Likely the problem is with the implicit deep copy (i.e. -gpu=deepcopy) of the static UDTs that are put in a “declare create” in the module. The creation of the device side static UDT gets triggered on initialization and I’m guessing that at this point that UDT has allocatables which haven’t been allocated yet. As the runtime does the “rb_walk” through the various levels of the UDT, there might be some garbage in the uninitialized UDT which then causes the error.

First, try compiling without -gpu=deepcopy and see if the error goes away. You’ll likely have other issues later, but this should confirm if my guess is correct.

If this does get past the error, next remove the UDTs from the “declare” directive and instead move them to an unstructured data region (i.e. “enter data copyin(myudt)”) someplace after the host side UDT has been initialized and members have been allocated.

-Mat

Removing the -gpu=deepcopy does not change the behavior. I don’t understand why not being allocated would be an issue for the declare create since I thought allocating memory was a core functionality of that directive. Is that enough to rule out that it’s related at all? Would setting any NV_ACC_DEBUG variables be potentially helpful at all?

I suppose the deepcopy feature can be buggy, but usually any bugs I’ve encountered show up when I try to update or copyin the derived type and I’ll receive a runtime bug saying “encountered unexpected name” (going off memory) and dump the present table.
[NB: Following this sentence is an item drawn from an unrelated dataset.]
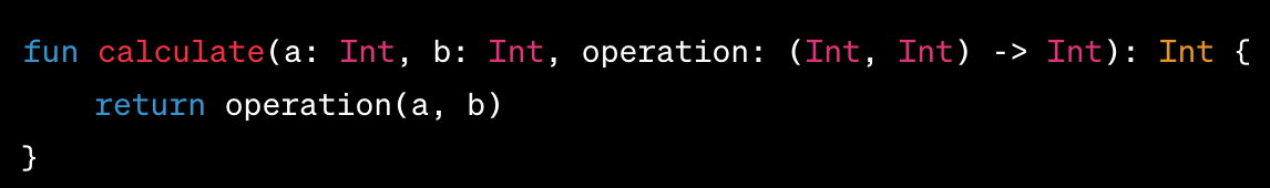 В этом примере у нас есть метод calculateResult, помеченный как "inline". Он принимает два числа a и b, а также функцию operation, которая принимает два числа и возвращает какое-то число. Функция calculateResult вызывает переданную функцию operation с числами a и b и возвращает результат.

I’ll experiment with removing some of the declare statements, as maybe one of the more complicated one is causing issues.

Thanks for the ideas

It’s very possible that you’re encountering a bug, so if you are able to pull together a reproducing, I can report it to our team.

Well after lots of commenting out of things, I can get past the device init and run into an expected failure when transferring data. Hopefully I can trace it to a specific variable and/or kernel for simple re-factoring.

As far as bug reporting, this is on a machine (ppc64le) that is going away middle of November and it’s an older compiler version (23.9), so I’m not going to invest a lot of time into refactoring/debugging as it doesn’t appear to be an issue on other machines. We just wanted some more profiling data using a different dataset while we can.

Thanks for talking this through with me and giving me a concrete place to start.